Supported Field Types

  • IntegerField
  • FloatField
  • DateField (min/max only)
  • DateTimeField (min/max only)
  • DurationField

Extending Aggregation Types

By default, the following aggregations are enabled: count, distinct, sum, average, minimum, maximum.

To enable additional aggregations like percent and percentile, modify your settings.py:

# in settings.py
DRF_AGGREGATION_SETTINGS = {
    "AGGREGATION_CLASSES": [
        "drf_aggregation.aggregations.common.CommonAggregations",
        # Requires additional package "drf-complex-filter"
        "drf_aggregation.aggregations.percent.PercentAggregation",
        # Works only on PostgreSQL
        "drf_aggregation.aggregations.percentile.PercentileAggregation",
    ],
}

Custom Aggregations

Create a class with static methods for custom aggregation types:

class MyAggregations:
    @staticmethod
    def my_aggregation(aggregation, queryset):
        name = aggregation.get("name")
        return {f"{name}": models.Count("id")}

# in settings.py
DRF_AGGREGATION_SETTINGS = {
    "AGGREGATION_CLASSES": [
        "drf_aggregation.aggregations.common.CommonAggregations",
        "path.to.MyAggregations",
    ],
}

result = get_aggregations(
    queryset=Ticket.objects.all(),
    aggregations={
        "value": {
            "type": "my_aggregation"
        }
    }
)

Usage Examples

Grouping Results

Group results by a list of fields:

result = get_aggregations(
    queryset=Ticket.objects.all(),
    aggregations={
        "total_tasks": {
            "type": "count"
        }
    },
    group_by=["field1", "field2"]
)

Sorting Results

Sort results by specified fields:

result = get_aggregations(
    queryset=Ticket.objects.all(),
    aggregations={
        "total_tasks": {
            "type": "count"
        }
    },
    group_by="field1",
    order_by="field1"
)

Use aggregations as sorting keys:

result = get_aggregations(
    queryset=Ticket.objects.all(),
    aggregations={
        "total_tasks": {
            "type": "count"
        }
    },
    group_by="field1",
    order_by="-total_tasks"
)

Limiting Displayed Groups

Limit the number of displayed groups:

result = get_aggregations(
    queryset=Ticket.objects.all(),
    aggregations={
        "total_tasks": {
            "type": "count"
        }
    },
    group_by="field1",
    order_by="-total_tasks",
    limit=2
)

Display remaining groups as an additional category:

result = get_aggregations(
    queryset=Ticket.objects.all(),
    aggregations={
        "total_tasks": {
            "type": "count"
        }
    },
    group_by="field1",
    order_by="-total_tasks",
    limit={
        "limit": 2,
        "show_other": true
    }
)

Time Series

Note: Time series aggregations are not supported on SQLite.

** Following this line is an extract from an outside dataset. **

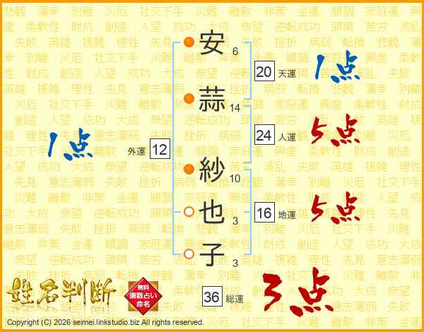 安(6画)蒜(14画) 紗(10画)也(3画)子(3画)
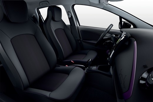 2018. gada modelis ZOE būs tiek piedāvāta jaunā, elegantā, tumši metāliskā virsbūves krāsā: melleņu purpurs (Blueberry Purple) Populārā pilsētas elektriskā automobiļa augstākās kvalitātes versija INTENS pieejama ar specifisku ekskluzīvu saskaņotu dizainu melleņu purpura toņos (Blueberry Purple apdares paketi), kas ietver purpura ārieni ar atlasa violetiem apdares elementiem panelī un pie ventilatoriem, pie pārnesumu sviras pamatnes, ap skaļruņiem, kā arī dekoratīvas nošuves uz melna un violeta auduma polsterējuma.

To perform time series aggregations, annotate your queryset with a truncated date field:

truncate_rules = { "created_at": "day" }
queryset = truncate_date(Ticket.objects.all(), truncate_rules)

result = get_aggregations(
    queryset=queryset,
    aggregations={
        "total_tasks": {
            "type": "count"
        }
    },
    group_by="created_at__trunc__day"
)

Using AggregationMixin, pass truncate_rules in the request body:

POST /aggregation/ticket
Content-Type: application/json
{
    "truncate_rules": { "created_at": "day" },
    "group_by": "created_at__trunc__day",
    "aggregations": {
        "total_tasks": {
            "type": "count"
        }
    }
}

Available truncation periods: year, quarter, month, week, day, hour, minute, second

For more details on date truncation, see the Django documentation.

Contributing

Contributions are welcome! Please feel free to submit a Pull Request.

License

This project is licensed under the MIT License.